TASK DESCRIPTION: Word for word, restate the lines of the data below between those holding "氣流上下沖擊式凍結裝置如圖3" and "Nazwa produktu: Soutache", inclusive; pictures do not belong in the copy.

ENTRIES SUPPLIED:
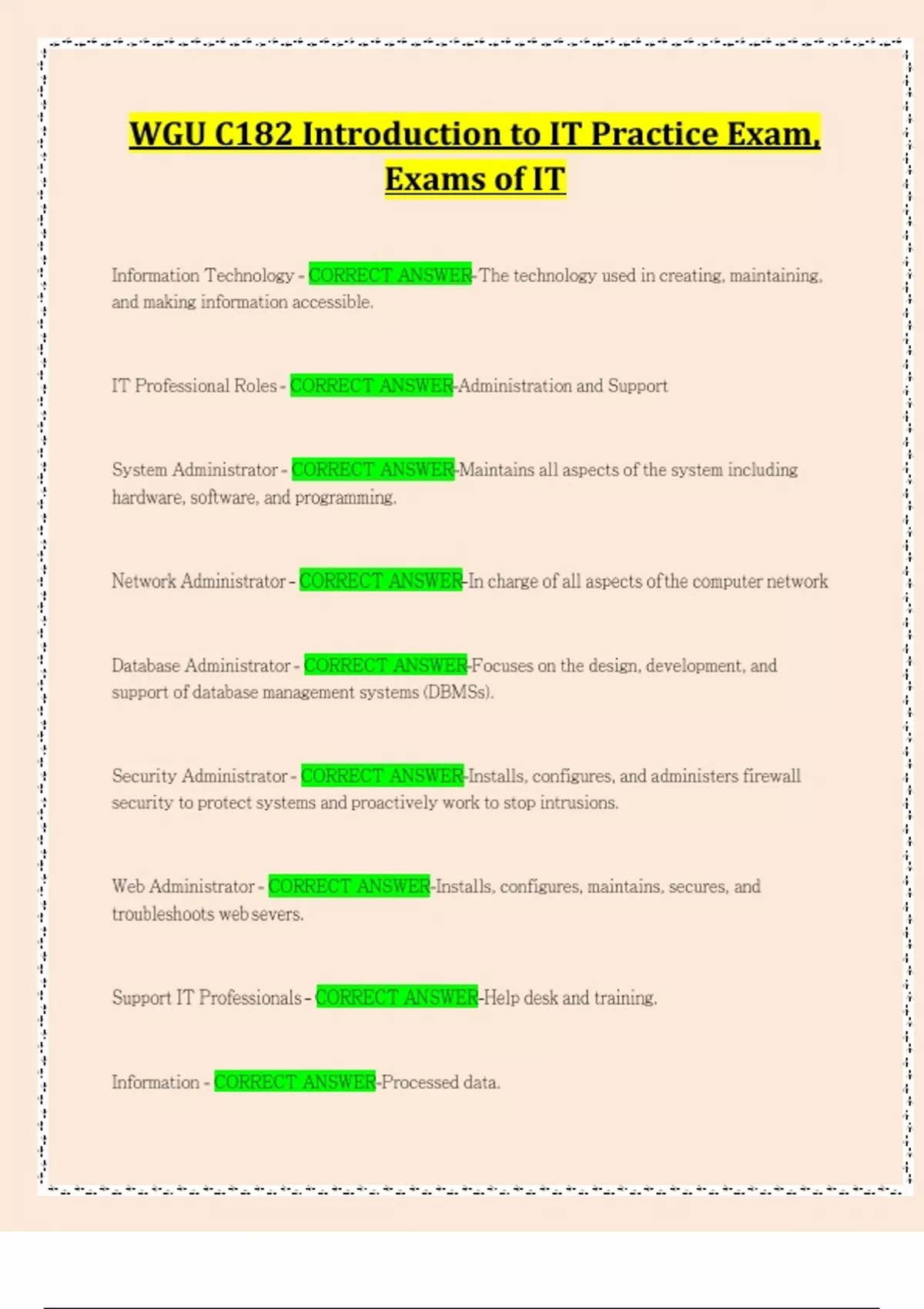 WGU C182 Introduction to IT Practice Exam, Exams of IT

---

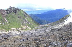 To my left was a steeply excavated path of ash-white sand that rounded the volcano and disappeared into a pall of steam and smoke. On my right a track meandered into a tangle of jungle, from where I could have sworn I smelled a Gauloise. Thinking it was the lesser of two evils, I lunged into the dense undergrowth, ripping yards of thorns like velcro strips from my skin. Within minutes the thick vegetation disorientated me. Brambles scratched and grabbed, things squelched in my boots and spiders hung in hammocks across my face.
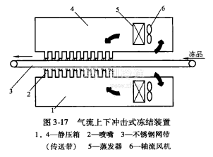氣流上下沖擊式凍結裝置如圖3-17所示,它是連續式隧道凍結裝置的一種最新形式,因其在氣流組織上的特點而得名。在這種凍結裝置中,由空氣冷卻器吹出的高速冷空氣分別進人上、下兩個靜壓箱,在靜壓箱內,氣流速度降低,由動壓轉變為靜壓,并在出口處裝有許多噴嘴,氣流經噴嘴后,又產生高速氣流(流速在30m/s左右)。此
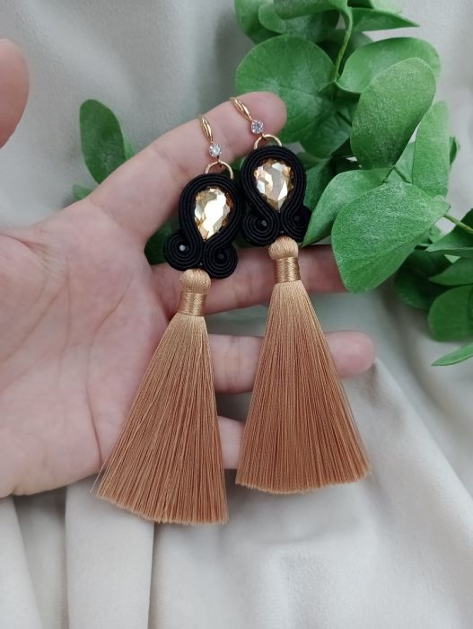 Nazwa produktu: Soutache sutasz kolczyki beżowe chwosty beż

* * *

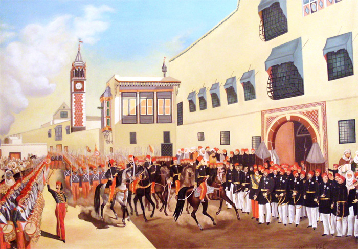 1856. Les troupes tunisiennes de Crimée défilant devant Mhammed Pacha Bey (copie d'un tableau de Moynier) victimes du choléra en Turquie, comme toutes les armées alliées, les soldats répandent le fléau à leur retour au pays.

RESPONSE FOR THIS EXERCISE:
氣流上下沖擊式凍結裝置如圖3-17所示,它是連續式隧道凍結裝置的一種最新形式,因其在氣流組織上的特點而得名。在這種凍結裝置中,由空氣冷卻器吹出的高速冷空氣分別進人上、下兩個靜壓箱,在靜壓箱內,氣流速度降低,由動壓轉變為靜壓,并在出口處裝有許多噴嘴,氣流經噴嘴后,又產生高速氣流(流速在30m/s左右)。此
 Nazwa produktu: Soutache sutasz kolczyki beżowe chwosty beż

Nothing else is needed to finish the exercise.